Data records
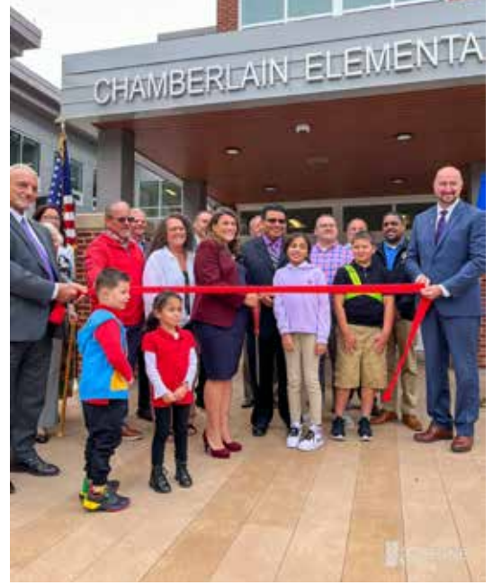
قص شريط مدرسة تشامبرلين الابتدائية

نشكر كل من انضم إلينا الشهر الماضي في مدرسة تشامبرلين الابتدائية في حفل قطع الشريط والتدشين الرسمي للمبنى الجديد.
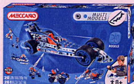
0794 MECCANO MULTI MODELS 20 modèles. 261 pièces. 2 piles LR 06 non fournies
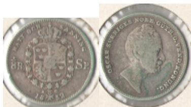
Nr 58 1/8 Riksdaler Specie 1852 Kv 2
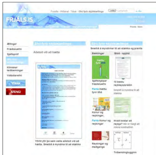
Á síðunni Efni fyrir skjólstaðinga er bent á gagnlegt efni og efni sem prenta má út
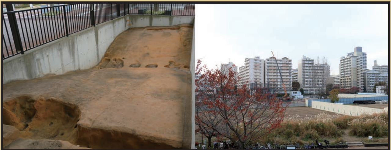
写真2：遊歩道の北方には、型取りされた道路跡の復元を展示しているスペースがある（写真左）。武蔵国分寺公園から西国分寺駅方面を望む（写真右）。現在も造成工事が行われており、奥のマンション群と造成地の間に遊歩道がある。
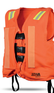
Cód. 4978 - Colete Salva Vidas Laranja Classe IV Jaleco p/ Soldador (40KG ATE 130KG)

Desenvolvido para uso em trabalhos verticais realizados próximos à borda de embarcações, cais ou construções que apresentem risco de queda na água. Patente requerida. Fitas refletivas Solas. Acabamento em vinil preto para maior conforto e durabilidade. Informações de classe e cuidados de uso na parte interna do colete. Porta- Rádio no ombro esquerdo. Fabricado com tecido poliéster grosso, e espuma de polietileno de célula fechada.
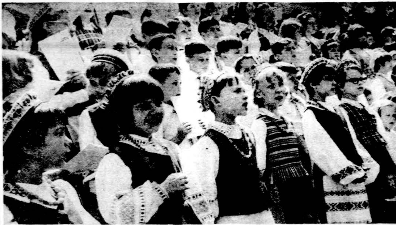
Jaunieji dainininkai — mūsų visų pasididžiavimas. Chicago's liet. moksleiviai ruošiasi koncertui, kuris buvo lapkričio 23 d. Gage Parko salėje.
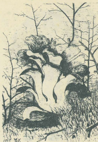
第 3078 圖

くり・なら其他ノ朽木ニ生ズ。分歧セル多數ノ扁平ナル茸體相重疊ス。表面灰白色又ハ闇褐色ニシテ、裏面ハ白ク、淺キ細孔ヲ密布ス。今昔物語ニ京都ノ北山ニテ茸ヲ喰ヒタル者踊リ舞ヒタリト記セルハ、まひたけニ非ズシテ恐ラク笑茸ナリシナルベシ。本菌ノまひたけノ名ハ其形態ヨリ出ヅ。美味ナル食用菌ナリ。其色ニヨリテくろまひトしろまひトニ區別ス。
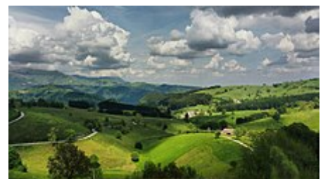
Colori della Lessinia

| Work task |
Set down the records precisely as they appear. Any picture stays out.

| Answer below |
قص شريط مدرسة تشامبرلين الابتدائية

نشكر كل من انضم إلينا الشهر الماضي في مدرسة تشامبرلين الابتدائية في حفل قطع الشريط والتدشين الرسمي للمبنى الجديد.
0794 MECCANO MULTI MODELS 20 modèles. 261 pièces. 2 piles LR 06 non fournies
Nr 58 1/8 Riksdaler Specie 1852 Kv 2
Á síðunni Efni fyrir skjólstaðinga er bent á gagnlegt efni og efni sem prenta má út
写真2：遊歩道の北方には、型取りされた道路跡の復元を展示しているスペースがある（写真左）。武蔵国分寺公園から西国分寺駅方面を望む（写真右）。現在も造成工事が行われており、奥のマンション群と造成地の間に遊歩道がある。
Cód. 4978 - Colete Salva Vidas Laranja Classe IV Jaleco p/ Soldador (40KG ATE 130KG)

Desenvolvido para uso em trabalhos verticais realizados próximos à borda de embarcações, cais ou construções que apresentem risco de queda na água. Patente requerida. Fitas refletivas Solas. Acabamento em vinil preto para maior conforto e durabilidade. Informações de classe e cuidados de uso na parte interna do colete. Porta- Rádio no ombro esquerdo. Fabricado com tecido poliéster grosso, e espuma de polietileno de célula fechada.
Jaunieji dainininkai — mūsų visų pasididžiavimas. Chicago's liet. moksleiviai ruošiasi koncertui, kuris buvo lapkričio 23 d. Gage Parko salėje.
第 3078 圖

くり・なら其他ノ朽木ニ生ズ。分歧セル多數ノ扁平ナル茸體相重疊ス。表面灰白色又ハ闇褐色ニシテ、裏面ハ白ク、淺キ細孔ヲ密布ス。今昔物語ニ京都ノ北山ニテ茸ヲ喰ヒタル者踊リ舞ヒタリト記セルハ、まひたけニ非ズシテ恐ラク笑茸ナリシナルベシ。本菌ノまひたけノ名ハ其形態ヨリ出ヅ。美味ナル食用菌ナリ。其色ニヨリテくろまひトしろまひトニ區別ス。
Colori della Lessinia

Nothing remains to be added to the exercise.